Safety (triple-check lens 3) — including security-review pass
No auth / session / token / JWT / CSP / secret surface touched. The patch is additive logging in an existing handler. security-review skill not applicable beyond the PII check below.
PII risk: low. The proposed log fields are teamID and userID (UUIDs), offerType (enum), couponID (short opaque coupon name like retention_legacy). No email, name, IP, payment details. Existing log lines in this file already emit teamID via zap.String (L653) — the patch is consistent with house convention and doesn't widen the PII surface beyond what's already in prod logs.

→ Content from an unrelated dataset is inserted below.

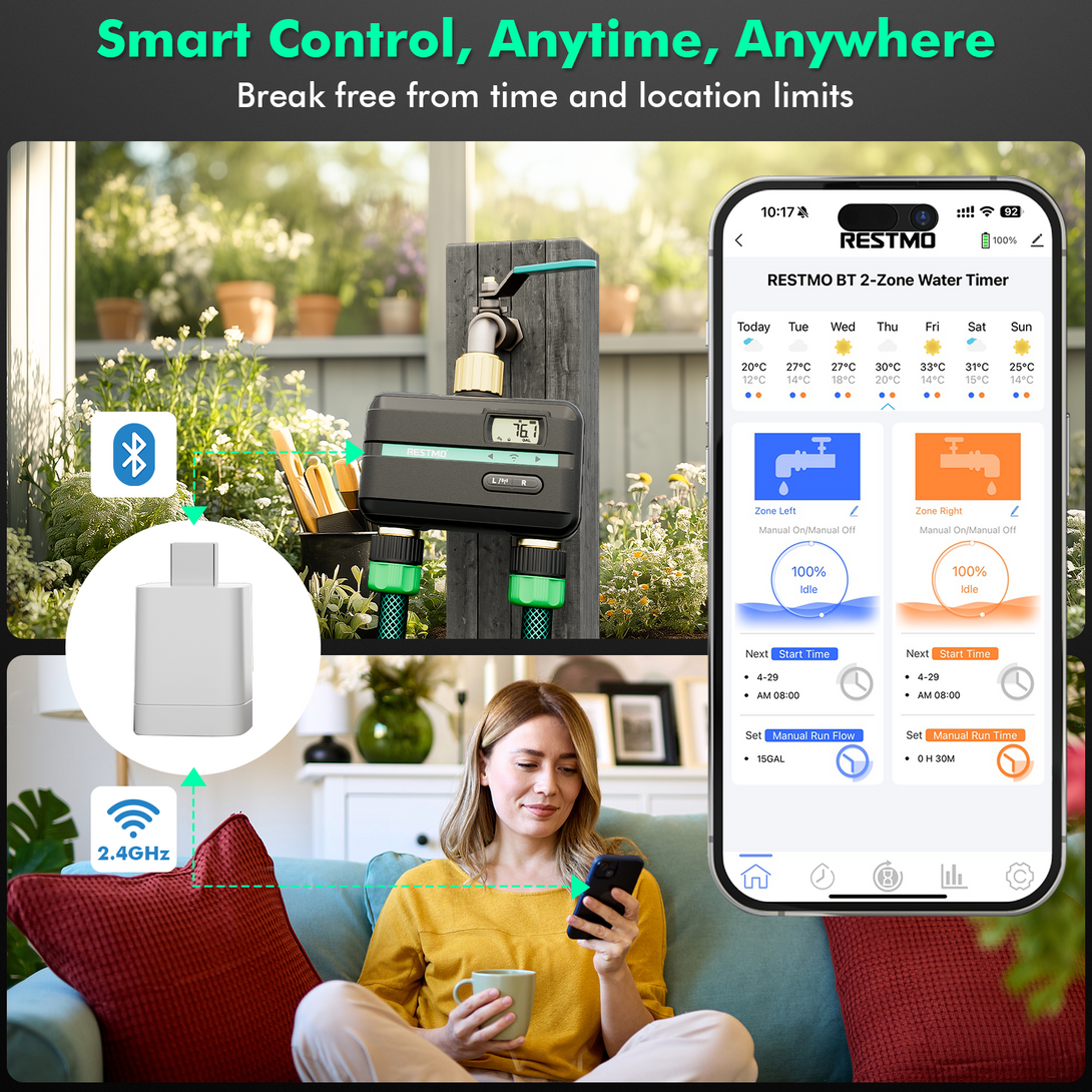 - 【Wi-Fi & Bluetooth Dual-Mode Control】 When connected to a 2.4GHz Wi-Fi network, the sprinkler timer and Wi-Fi hub can be remotely managed anytime, anywhere via the Smart App. Whether you're at home or not, effortlessly manage watering schedules, rain delays, and manual starts. No problem—simply switch to Bluetooth for local control within a 50-meter range. (Note: 5GHz Wi-Fi is not supported.)

Log volume risk: negligible. Historical evidence is ~22 cancellation_reasons rows per 30 days. GetRetentionOffer is only called after a reason is submitted (per the FE flow at CancelSubscription.tsx:643-709). Worst plausible case is a handful of log lines per day; in the observed 12-day window only 2 GetRetentionOffer HTTP requests showed up at all. No blow-up risk.

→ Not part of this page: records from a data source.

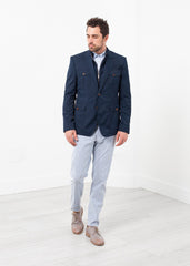 The Fitted Low Rise Trouser is an easy wear for mixing and matching. Straight fitting leg through the ankle. Lined texture adds dimension and tone. Three button closure with zip fly. Four exterior pockets. Berwich. Color Blue/White. 64% Polyester, 33% Cotton, 3% Elastane. Made in Italy. Jacob is wearing a Size 48.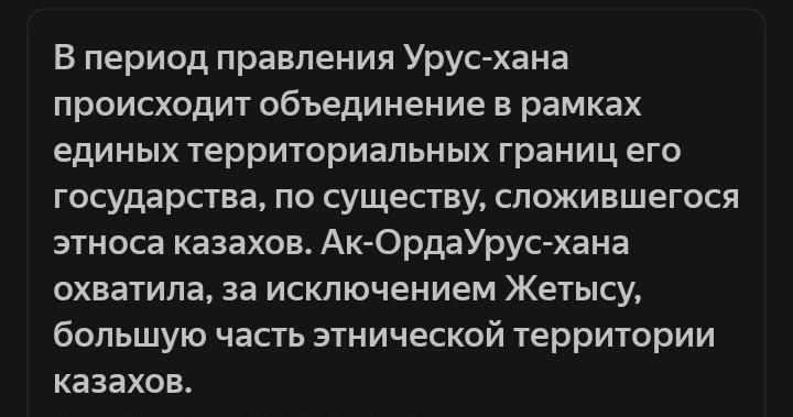 В период правления Урус-хана происходит объединение в рамках единых территориальных границ его государства, по существу, сложившегося этноса казахов. Ак-ОрдаУрус-хана охватила, за исключением Жетысу, большую часть этнической территории казахов.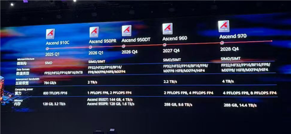 现在已经不少国产AI芯片宣布支持FP8算法了,但是这方面的适配显然需要一个领头羊,那就是华为昇腾,联系一下前几天的大约上华为高调宣布昇腾路线图,明年Q1时候的昇腾950PR不仅支持FP4,还支持FP4,算力达到1PFLOPS(FP8)/ 2PFLOPS(FP4),支持FP32/HF32/FP16/BF16/FP8/MXFP8 /HiF8/MXFP4/HiF4等数据格式,互联带宽为2TB/s,内存容量和带宽做到了144GB、4TB/s。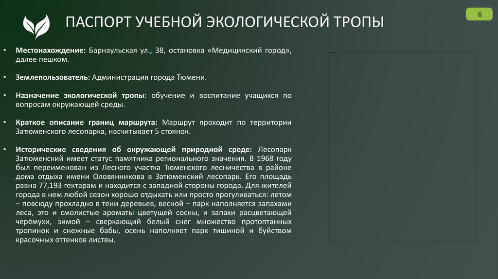 ПАСПОРТ УЧЕБНОЙ ЭКОЛОГИЧЕСКОЙ ТРОПЫМестонахождение: Барнаульская ул., 38, остановка «Медицинский город»,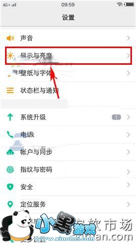 1)首先打开手机【设置】菜单,进入设置菜单后点击【显示与亮度】选项。(如下图)

Structured-log convention: must use zap, not stdlib log. Established in the same file at L652-656 and L709, and across stripe_context.go. The compile-ready replacement above follows the house style.
No security-relevant follow-ups. Tier 2 items (Stripe Portal flow_data, legacy CTA gate) have product/UX implications but no security implications. Tier 4 (missing TOBY_RETENTION* secrets) is housekeeping; the code's fail-soft fallback to struct-tag defaults is more secure than a hard-fail on missing secrets, and the current defaults are the values actually expected.
What would change my verdict to validated + high
Single change: the synthesis-draft's Tier 1 "concrete diff" replaced with the compile-ready block in the Quality section above (correct zap API, correct nested field paths, scoped variables, Offer != nil guard). No diagnosis changes needed; no further evidence-gathering needed; no re-dispatch of doctors needed.
What would change it to rejected
Spot-check disconfirming any of the numbers (120/22/17/1) — would invalidate the funnel framing. None disconfirmed; verdict not rejected.
Recommendation to coordinator
Close the canonical doc with status: in_review. In one paragraph in the doc's open-questions section, paste the compile-ready replacement block from the Quality section above and tag a Toby Go reviewer (any owner of apps/api/context/v3/) for sign-off. After approval, ship via fix-shipper — the verify plan as written will work correctly with zap-emitted structured logs.